- WORK REQUEST
Could you repeat every entry below word for word, leaving out the pictures?

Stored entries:
• • • • •
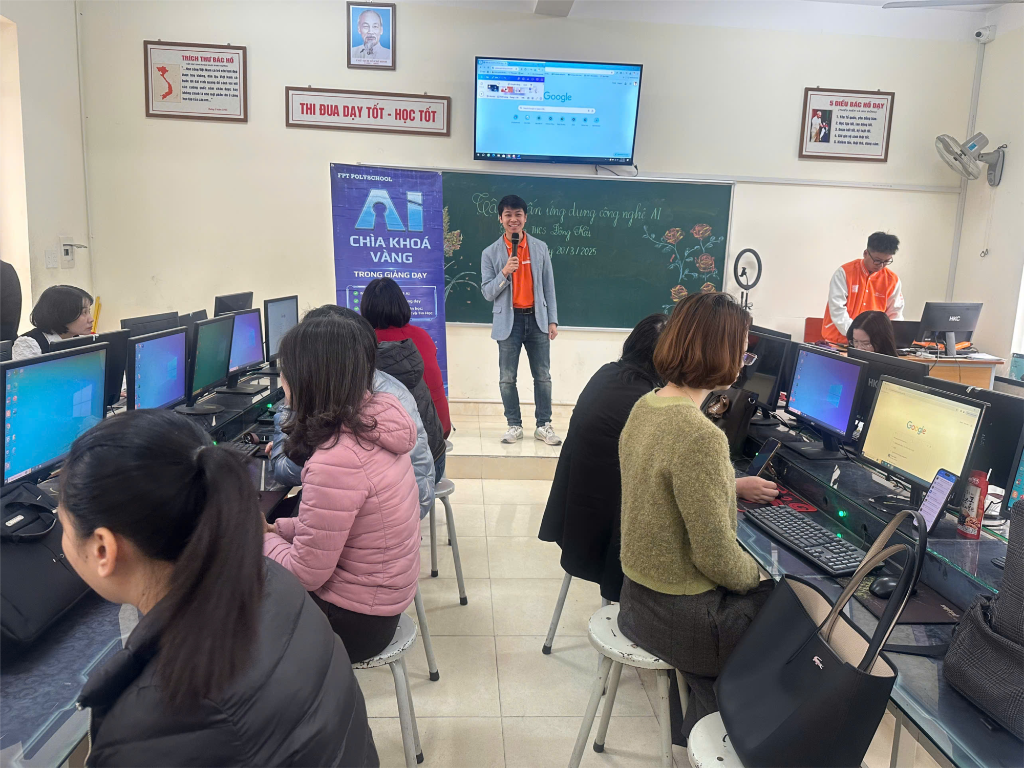 Ngày 20/3/2025, trường THCS Đông Hải tổ chức cho 100% các đồng chí cán bộ, giáo viên tập huấn ứng dụng công nghệ AI. Dạy học bằng AI là việc sử dụng trí tuệ nhân tạo như một công cụ giáo dục, hỗ trợ cho việc dạy và học. AI có thể tự động hóa các nhiệm vụ như chấm điểm, cung cấp phản hồi và viết nên tài liệu giảng dạy, giúp thầy cô giảm bớt gánh nặng công việc, tiết kiệm thời gian và tăng cường hiệu quả của quá trình giảng dạy. Trí tuệ nhân tạo có thể hỗ trợ giáo viên rất nhiều trong việc lập kế hoạch bài học, chuẩn bị bài giảng. Những bài giảng tương tác, bài tập đa dạng và phong phú do AI gợi ý cho thầy cô có thể giúp học sinh trải nghiệm học tập theo cách đa dạng và thú vị hơn.
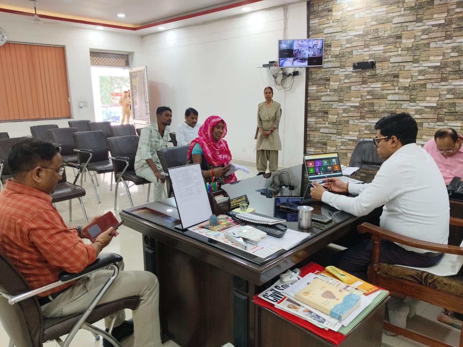 हमीरपुर। कलेक्ट्रेट में आयोजित जनसुनवाई के दौरान जिलाधिकारी घनश्याम मीना ने आम लोगों की समस्याएं सुनीं और संबंधित अधिकारियों को शिकायतों का गुणवत्तापूर्ण व समयबद्ध निस्तारण करने के निर्देश दिए।
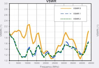 Another improvement was in the overall design of the leadframe itself. Specifically, the EM simulations showed unwanted coupling between pins, even if unconnected internally or grounded externally. This coupling substantially degraded high frequency response. The EP2KA+ two-way MMIC splitter (10 to 43.5 GHz) is a perfect example of this pin optimization approach. We started with the same package as the MGVA-82+ (DC to 5.2 GHz dual matched amplifier), and by selectively removing pins from the leadframe (Figure 5.), were able to measurably improve the input to output isolation, as well as the amplitude and phase unbalance. The leadframe bond pad optimization also improved input/output VSWR to better than 2:1 over the majority of the band (Figure 6.).
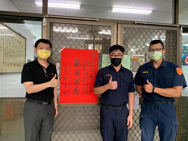 另大同派出所警員張智翔,畢業於東海大學日文學系,103年特考班結業,平日執勤任勞任怨,為了更上一層樓,平時利用勤餘時間念書,順利考取中央警察大學二技行政警察學系。
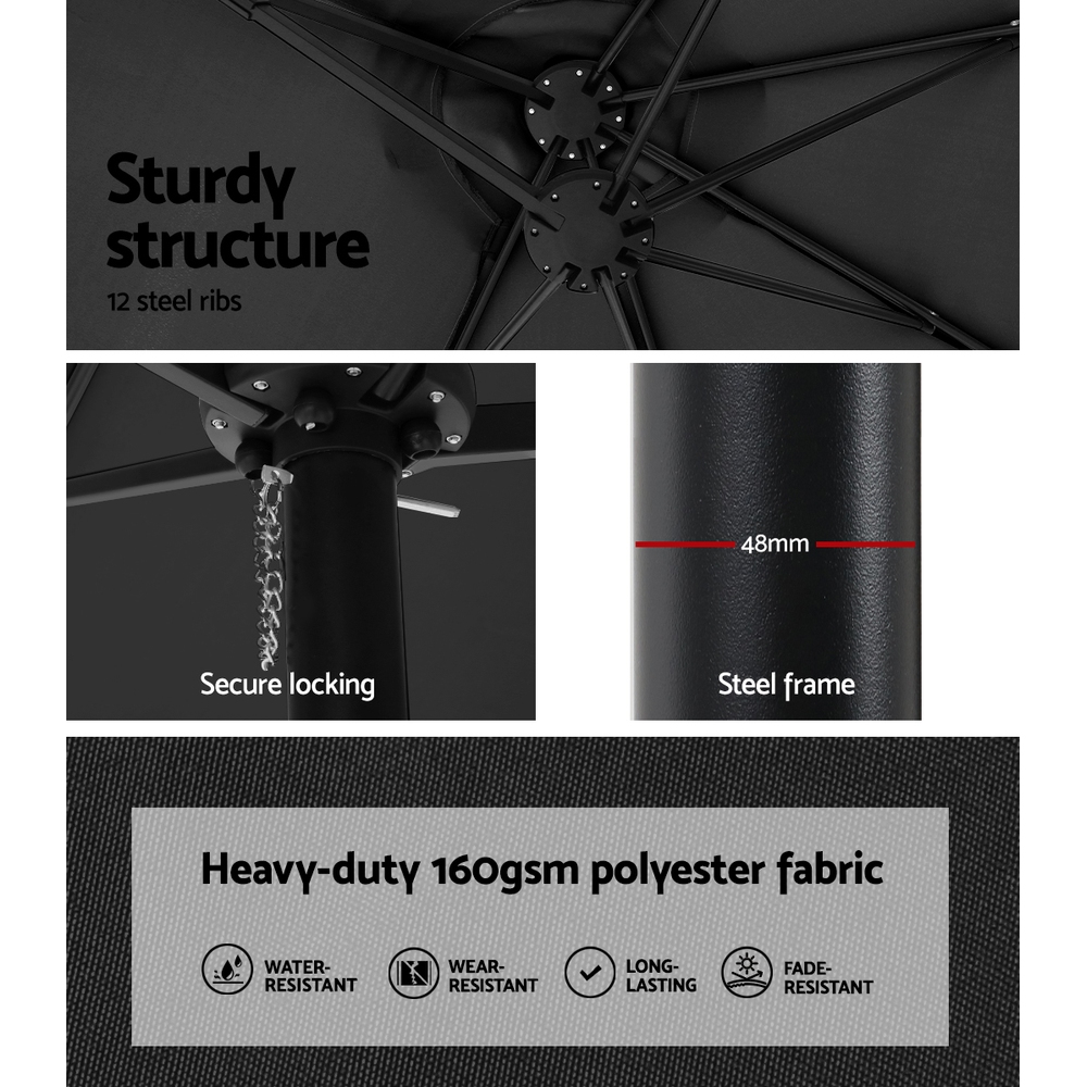 Instahut 4.57m Outdoor Umbrella w/Base Stand Beach Pole Garden Tilt Charcoal
• • • • •
- OUTPUT
 Ngày 20/3/2025, trường THCS Đông Hải tổ chức cho 100% các đồng chí cán bộ, giáo viên tập huấn ứng dụng công nghệ AI. Dạy học bằng AI là việc sử dụng trí tuệ nhân tạo như một công cụ giáo dục, hỗ trợ cho việc dạy và học. AI có thể tự động hóa các nhiệm vụ như chấm điểm, cung cấp phản hồi và viết nên tài liệu giảng dạy, giúp thầy cô giảm bớt gánh nặng công việc, tiết kiệm thời gian và tăng cường hiệu quả của quá trình giảng dạy. Trí tuệ nhân tạo có thể hỗ trợ giáo viên rất nhiều trong việc lập kế hoạch bài học, chuẩn bị bài giảng. Những bài giảng tương tác, bài tập đa dạng và phong phú do AI gợi ý cho thầy cô có thể giúp học sinh trải nghiệm học tập theo cách đa dạng và thú vị hơn.
 हमीरपुर। कलेक्ट्रेट में आयोजित जनसुनवाई के दौरान जिलाधिकारी घनश्याम मीना ने आम लोगों की समस्याएं सुनीं और संबंधित अधिकारियों को शिकायतों का गुणवत्तापूर्ण व समयबद्ध निस्तारण करने के निर्देश दिए।
 Another improvement was in the overall design of the leadframe itself. Specifically, the EM simulations showed unwanted coupling between pins, even if unconnected internally or grounded externally. This coupling substantially degraded high frequency response. The EP2KA+ two-way MMIC splitter (10 to 43.5 GHz) is a perfect example of this pin optimization approach. We started with the same package as the MGVA-82+ (DC to 5.2 GHz dual matched amplifier), and by selectively removing pins from the leadframe (Figure 5.), were able to measurably improve the input to output isolation, as well as the amplitude and phase unbalance. The leadframe bond pad optimization also improved input/output VSWR to better than 2:1 over the majority of the band (Figure 6.).
 另大同派出所警員張智翔,畢業於東海大學日文學系,103年特考班結業,平日執勤任勞任怨,為了更上一層樓,平時利用勤餘時間念書,順利考取中央警察大學二技行政警察學系。
 Instahut 4.57m Outdoor Umbrella w/Base Stand Beach Pole Garden Tilt Charcoal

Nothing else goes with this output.